---------- Data under study ----------
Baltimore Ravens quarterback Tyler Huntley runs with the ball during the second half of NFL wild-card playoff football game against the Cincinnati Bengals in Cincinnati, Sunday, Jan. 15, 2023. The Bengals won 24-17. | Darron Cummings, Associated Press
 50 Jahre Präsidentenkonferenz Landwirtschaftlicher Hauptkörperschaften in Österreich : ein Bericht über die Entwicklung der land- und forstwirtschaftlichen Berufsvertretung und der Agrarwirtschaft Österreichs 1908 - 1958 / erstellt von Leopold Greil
----------
---------- Data under study ----------
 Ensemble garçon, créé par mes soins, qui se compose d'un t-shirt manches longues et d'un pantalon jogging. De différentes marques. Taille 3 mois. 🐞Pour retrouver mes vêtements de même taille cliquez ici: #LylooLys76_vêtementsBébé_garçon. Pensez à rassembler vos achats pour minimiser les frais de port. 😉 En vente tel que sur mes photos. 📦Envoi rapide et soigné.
----------
**The task:**
Retype, in the same exact form, the lines of the material above from the line holding "Baltimore Ravens quarterback" through the line holding "50 Jahre Präsidentenkonferenz".

**Response to the task:**
Baltimore Ravens quarterback Tyler Huntley runs with the ball during the second half of NFL wild-card playoff football game against the Cincinnati Bengals in Cincinnati, Sunday, Jan. 15, 2023. The Bengals won 24-17. | Darron Cummings, Associated Press
 50 Jahre Präsidentenkonferenz Landwirtschaftlicher Hauptkörperschaften in Österreich : ein Bericht über die Entwicklung der land- und forstwirtschaftlichen Berufsvertretung und der Agrarwirtschaft Österreichs 1908 - 1958 / erstellt von Leopold Greil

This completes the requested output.